HotelAnalysisFinal.ipynb

# **Problem Statement**


**Have you ever wondered when the best time of year to book a hotel room is? Or the optimal length of stay in order to get the best daily rate? What if you wanted to predict whether or not a hotel was likely to receive a disproportionately high number of special requests? This hotel booking dataset can help you explore those questions!**
This data set contains booking information for a city hotel and a resort hotel, and includes information such as when the booking was made, length of stay, the number of adults, children, and/or babies, and the number of available parking spaces, among other things. All personally identifying information has been removed from the data. Explore and analyze the data to discover important factors that govern the bookings.

#### **Define Your Business Objective?**

The project aims to gain interesting insights into customer's behaviour when booking a hotel. The demand of different segment of customer may differ and forecasting become harder as it may require different segment. These insights can guide hotels to adjust their customer strategies and make prepratiom for unknown.

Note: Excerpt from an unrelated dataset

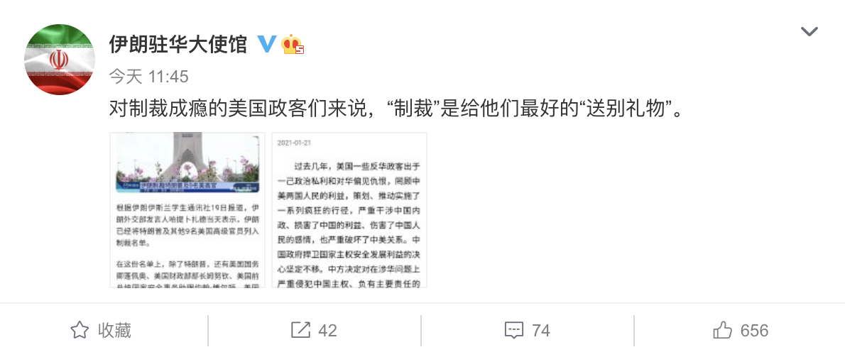 1月21日,@伊朗驻华大使馆 微博发文:对制裁成瘾的美国政客们来说,“制裁”是给他们最好的“送别礼物”。

# **General Guidelines** : -  

1.   Well-structured, formatted, and commented code is required.
2.   Exception Handling, Production Grade Code & Deployment Ready Code will be a plus. Those students will be awarded some additional credits.
     
     The additional credits will have advantages over other students during Star Student selection.
       
             [ Note: - Deployment Ready Code is defined as, the whole .ipynb notebook should be executable in one go
                       without a single error logged. ]

3.   Each and every logic should have proper comments.
4. You may add as many number of charts you want. Make Sure for each and every chart the following format should be answered.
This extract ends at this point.